Biological networks are commonly used in biomedical and healthcare domains to effectively model the structure of complex biological systems with interactions linking biological entities. However, due to their characteristics of high dimensionality and low sample size, directly applying deep learning models on biological networks usually faces severe overfitting. In this work, we propose R-MIXUP, a Mixup-based data augmentation technique that suits the symmetric positive definite (SPD) property of adjacency matrices from biological networks with optimized training efficiency. The interpolation process in R-MIXUP leverages the log-Euclidean distance metrics from the Riemannian manifold, effectively addressing the swelling effect and arbitrarily incorrect label issues of vanilla Mixup. We demonstrate the effectiveness of R-MIXUP with five real-world biological network datasets on both regression and classification tasks. Besides, we derive a commonly ignored necessary condition for identifying the SPD matrices of biological networks and empirically study its influence on the model performance. The code implementation can be found in Appendix E.

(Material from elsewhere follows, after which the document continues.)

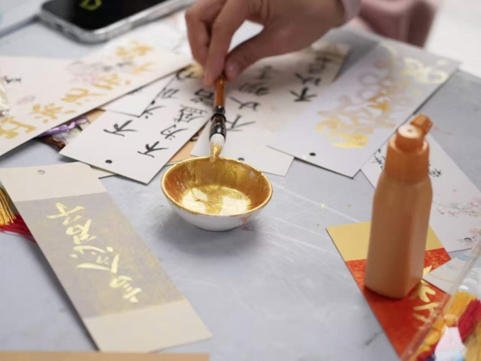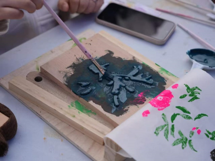 非遗体验区人气最高。漆扇制作、雕版印刷、拓印等项目前排起长队,同学们在亲手完成传统手工艺品的过程中,感受中医药文化的根脉与匠心。

翻译：生物网络被广泛用于生物医学和医疗保健领域，以有效建模由生物实体间相互作用构成的复杂生物系统结构。然而，由于生物网络具有高维度和低样本量的特性，直接将深度学习模型应用于生物网络通常会面临严重的过拟合问题。本文提出R-MIXUP——一种基于混合的数据增强技术，该技术适用于生物网络邻接矩阵的对称正定（SPD）特性，并具备优化的训练效率。R-MIXUP中的插值过程利用了黎曼流形上的对数-欧几里得距离度量，有效解决了原始混合方法中的膨胀效应和任意错误标签问题。我们通过五个真实生物网络数据集，在回归和分类任务上验证了R-MIXUP的有效性。此外，我们还推导出一个常被忽视的识别生物网络SPD矩阵的必要条件，并通过实验研究其对模型性能的影响。代码实现见附录E。